━━━━━ SOURCE DATA ━━━━━

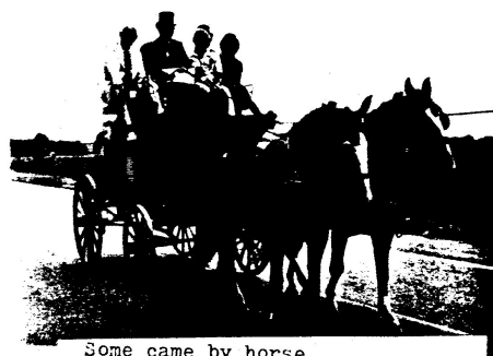
Some came by horse.
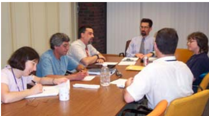
The DES Quality Assurance Team successfully developed and put in place a quality data system that is a model for state agencies across New England. The team showed outstanding leadership in promoting systematic collection and use of quality data for New Hampshire environmental programs.

Finally, the Public Information and Permitting Unit prepares and disseminates information to the public through press releases, educational fact sheets, pamphlets, reports, newsletters, website and audiovisuals; oversees the coordination of DES permits
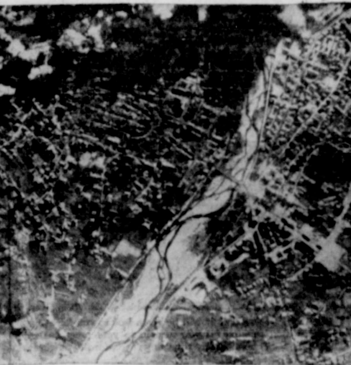
and supplies to the Italian front. It's "Bombs away!" in photo at left and they find their marks, right, leaving huge columns of smoke and fire over the railroad yards and shops. Day after day the Fortresses hammer their many targets. These are official United States Army Air Forces photos.
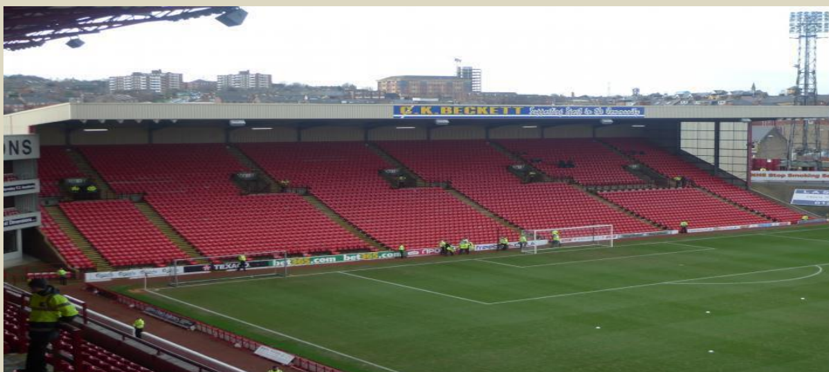
Pontefract Road End

At the Pontefract Road End is an all seated, covered stand for home supporters, which has a capacity of 4,500 and this stand was opened in 1995 and at the other end, the North Stand, was previously an open terrace, but is now a relatively new single tier, covered stand; Visiting supporters are seated in the North Stand. Who normally get about 2,000 to 6,000 fans varies according to demand and this is the most recent addition to the ground being opened in 1999 and has greatly enhanced the overall look of Oakwell with the North Stand being shared between home and away supporters.
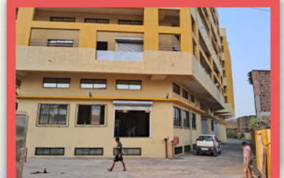
100000 Sq.ft. Factory / Industrial Building For Rent In Vasai, Mumbai
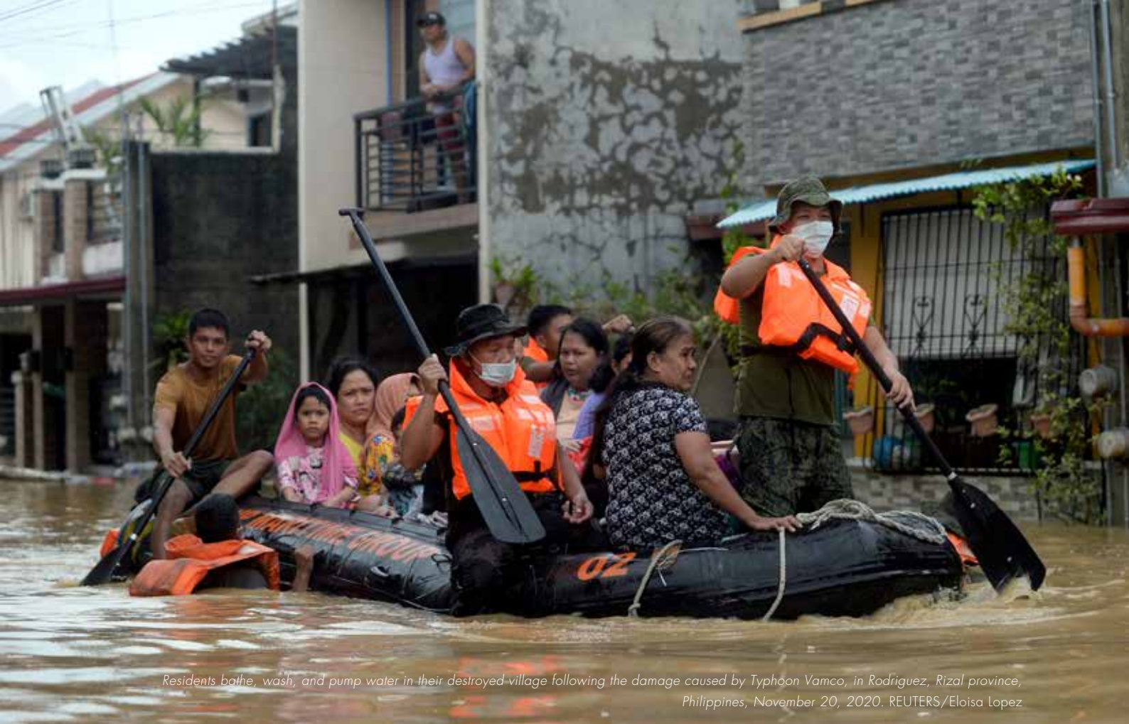
Residents bathe, wash, and pump water in their destroyed village following the damage caused by Typhoon Vamco, in Rodriguez, Rizal province, Philippines, November 20, 2020.
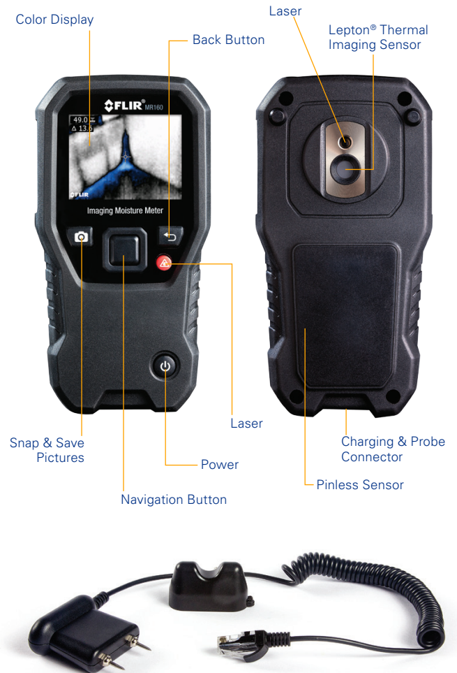
MR02 Pin Probe included

Equipment described herein may require US Government authorization for export purposes. Diversion contrary to US law is prohibited. Imagery for illustration purposes only. Specifications are subject to change without notice. ©2015 FLIR Systems, Inc. All rights reserved. (Updated 06/15/15)
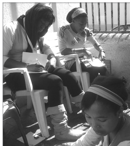
Girls busying themselves in the courtyard at Ons Plek
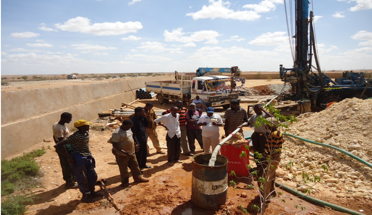
During Completion Al-Naciim Water Company Borehole April, 2013 .
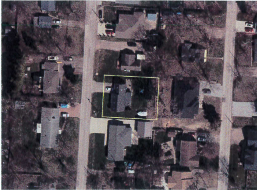
Photo Date: 2024-NOV-14 PLAN OF SURVEY. Boundary may not line up with aerial photo.
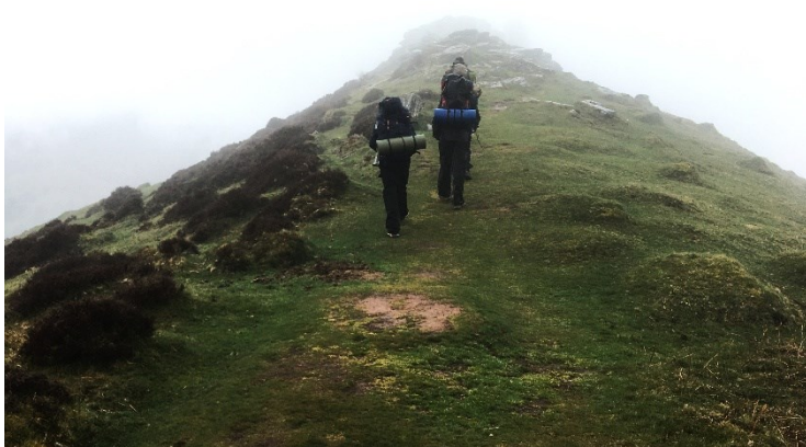
The following week's group disappearing into the mist – at the same place!

The Bronze group are going out on navigation practice on Hankley Common as this newsletter goes to print. Then the focus moves on to planning for everyone's assessed expeditions, over the summer and into the autumn.
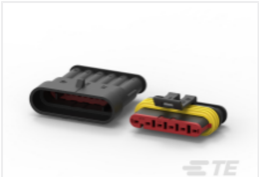
TE Part #CAT-AM71-CH8172 AMP SUPERSEAL 1.5MM, CONNECTOR HOUSING
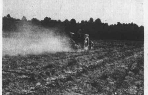
Shown here is Fred Lawrence wno tarms with our mount getting the land ready for seeding oats.
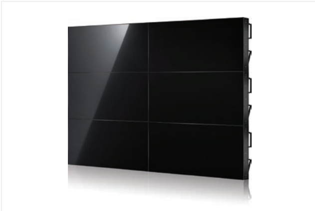
NEC 46" ULTRA NARROW LCD : WALL CONFIGURATION
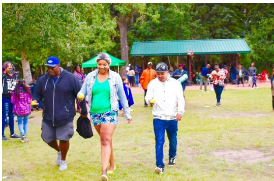
Adults and children had the chance to be competitive while having fun at the Summer BBQ and Volunteer Appreciation
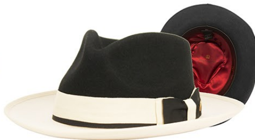
Black / Beige
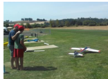
Zeus is ready
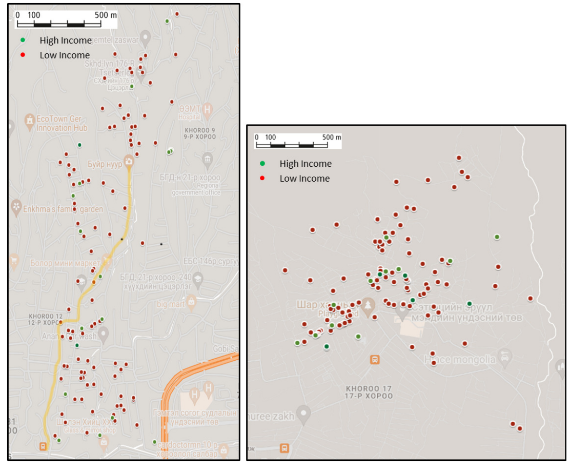
Figure 2. Disposition of low- and high-income households in SKD-31 (left) and BZD-9 (right).

significant differences between commuting by car and by public transport is in the very different journey times between the commutes.
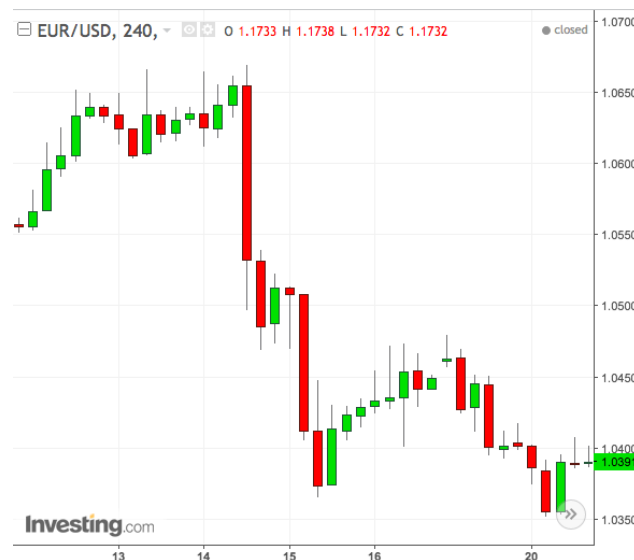
Figure 4. The impact of the increase in the discount rate of the US Federal Reserve (December 14, 2016) on the EUR/USD pair rate

Source: https://www.investing.com/currencies/eur-usd-chart
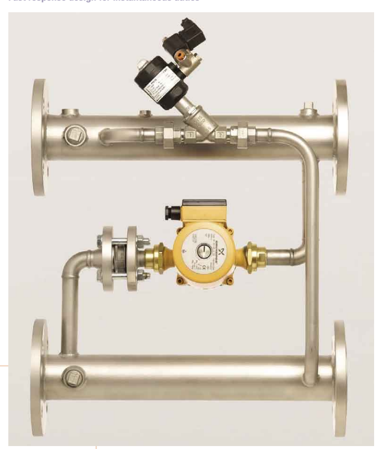
Commissioning a positioner component of the QuickHeat
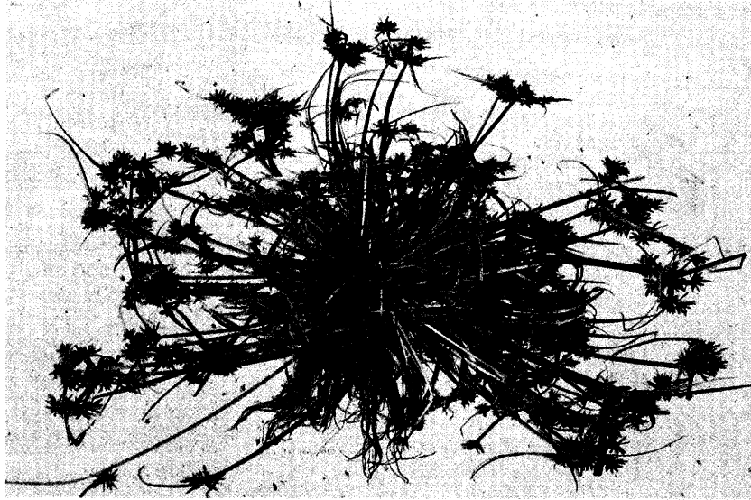
FIG 2. Photograph of Cyperus fuscus taken from Lisbon Bottoms, Big Muddy National Fish and Wildlife Refuge, Howard Co., Missouri, 11 Oct 1997.
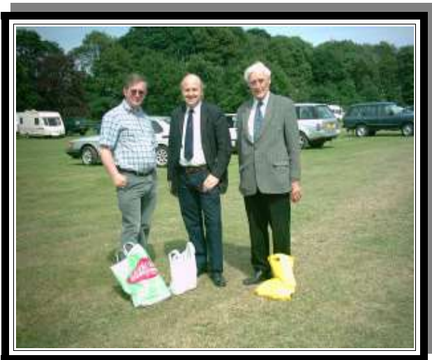
Elvaston reading left to right

Rugby was were the GPO clock on 2.5m came from, but its all gone onto Satellite..
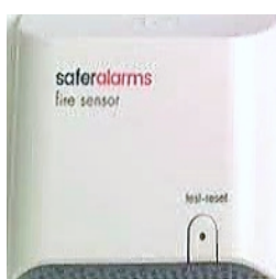
<- Test-Reset Button and LED indicator light

━━━━━

Reproduce every record above exactly, omitting the pictures.

Some came by horse.
The DES Quality Assurance Team successfully developed and put in place a quality data system that is a model for state agencies across New England. The team showed outstanding leadership in promoting systematic collection and use of quality data for New Hampshire environmental programs.

Finally, the Public Information and Permitting Unit prepares and disseminates information to the public through press releases, educational fact sheets, pamphlets, reports, newsletters, website and audiovisuals; oversees the coordination of DES permits
and supplies to the Italian front. It's "Bombs away!" in photo at left and they find their marks, right, leaving huge columns of smoke and fire over the railroad yards and shops. Day after day the Fortresses hammer their many targets. These are official United States Army Air Forces photos.
Pontefract Road End

At the Pontefract Road End is an all seated, covered stand for home supporters, which has a capacity of 4,500 and this stand was opened in 1995 and at the other end, the North Stand, was previously an open terrace, but is now a relatively new single tier, covered stand; Visiting supporters are seated in the North Stand. Who normally get about 2,000 to 6,000 fans varies according to demand and this is the most recent addition to the ground being opened in 1999 and has greatly enhanced the overall look of Oakwell with the North Stand being shared between home and away supporters.
100000 Sq.ft. Factory / Industrial Building For Rent In Vasai, Mumbai
Residents bathe, wash, and pump water in their destroyed village following the damage caused by Typhoon Vamco, in Rodriguez, Rizal province, Philippines, November 20, 2020.
MR02 Pin Probe included

Equipment described herein may require US Government authorization for export purposes. Diversion contrary to US law is prohibited. Imagery for illustration purposes only. Specifications are subject to change without notice. ©2015 FLIR Systems, Inc. All rights reserved. (Updated 06/15/15)
Girls busying themselves in the courtyard at Ons Plek
During Completion Al-Naciim Water Company Borehole April, 2013 .
Photo Date: 2024-NOV-14 PLAN OF SURVEY. Boundary may not line up with aerial photo.
The following week's group disappearing into the mist – at the same place!

The Bronze group are going out on navigation practice on Hankley Common as this newsletter goes to print. Then the focus moves on to planning for everyone's assessed expeditions, over the summer and into the autumn.
TE Part #CAT-AM71-CH8172 AMP SUPERSEAL 1.5MM, CONNECTOR HOUSING
Shown here is Fred Lawrence wno tarms with our mount getting the land ready for seeding oats.
NEC 46" ULTRA NARROW LCD : WALL CONFIGURATION
Adults and children had the chance to be competitive while having fun at the Summer BBQ and Volunteer Appreciation
Black / Beige
Zeus is ready
Figure 2. Disposition of low- and high-income households in SKD-31 (left) and BZD-9 (right).

significant differences between commuting by car and by public transport is in the very different journey times between the commutes.
Figure 4. The impact of the increase in the discount rate of the US Federal Reserve (December 14, 2016) on the EUR/USD pair rate

Source: https://www.investing.com/currencies/eur-usd-chart
Commissioning a positioner component of the QuickHeat
FIG 2. Photograph of Cyperus fuscus taken from Lisbon Bottoms, Big Muddy National Fish and Wildlife Refuge, Howard Co., Missouri, 11 Oct 1997.
Elvaston reading left to right

Rugby was were the GPO clock on 2.5m came from, but its all gone onto Satellite..
<- Test-Reset Button and LED indicator light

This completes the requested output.